2016-10-02 13:10:47 10465 [Note] WSREP: Running: 'wsrep_sst_xtrabackup-v2 --role 'donor' --address '172.17.0.3:4444/xtrabackup_sst//1' --socket '/var/run/mysqld/mysqld.sock' --datadir '/var/lib/mysql/' --defaults-file '/etc/my.cnf' --defaults-group-suffix '' --binlog 'mysql-binlog' --gtid '3e6fc59a-75a5-11e6-8d27-c6583ca1a844:26066''
2016-10-02 13:10:47 10465 [Note] WSREP: sst_donor_thread signaled with 0
WSREP_SST: [INFO] Streaming with xbstream (20161002 13:10:47.426)
WSREP_SST: [INFO] Using socat as streamer (20161002 13:10:47.428)
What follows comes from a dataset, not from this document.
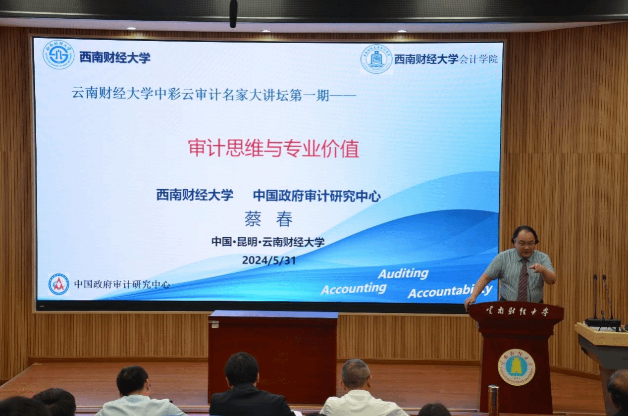 5月31日,审计学院首期“中彩云审计名家大讲坛”在行远楼D101报告厅举行。中国审计学会副会长、西南财经大学中国政府审计研究中心主任、二级教授、十大买球官方网站审计学院名誉院长蔡春教授应邀以“审计思维与专业价值”做讲座。会计(审计)学院院长陈永飞、党委书记李丽忠、副院长纳超洪等100余名师生参加。

WSREP_SST: [INFO] Using /tmp/tmp.85qn89WXgV as xtrabackup temporary directory (20161002 13:10:47.441)
WSREP_SST: [INFO] Using /tmp/tmp.vOdDwTkzdD as innobackupex temporary directory (20161002 13:10:47.443)
WSREP_SST: [INFO] Streaming GTID file before SST (20161002 13:10:47.447)
WSREP_SST: [INFO] Evaluating xbstream -c ${INFO_FILE} | socat -u stdio TCP:172.17.0.3:4444; RC=( ${PIPESTATUS[@]} ) (20161002 13:10:47.448)
WSREP_SST: [INFO] Sleeping before data transfer for SST (20161002 13:10:47.455)
2016-10-02 13:10:49 10465 [Note] WSREP: (864f40f1, 'tcp://0.0.0.0:4567') turning message relay requesting off
WSREP_SST: [INFO] Streaming the backup to joiner at 172.17.0.3 4444 (20161002 13:10:57.457)
WSREP_SST: [INFO] Evaluating innobackupex --defaults-file=/etc/my.cnf --defaults-group=mysqld --no-version-check $tmpopts $INNOEXTRA --galera-info --stream=$sfmt $itmpdir 2>${DATA}/innobackup.backup.log | socat -u stdio TCP:172.17.0.3:4444; RC=( ${PIPESTATUS[@]} ) (20161002 13:10:57.460)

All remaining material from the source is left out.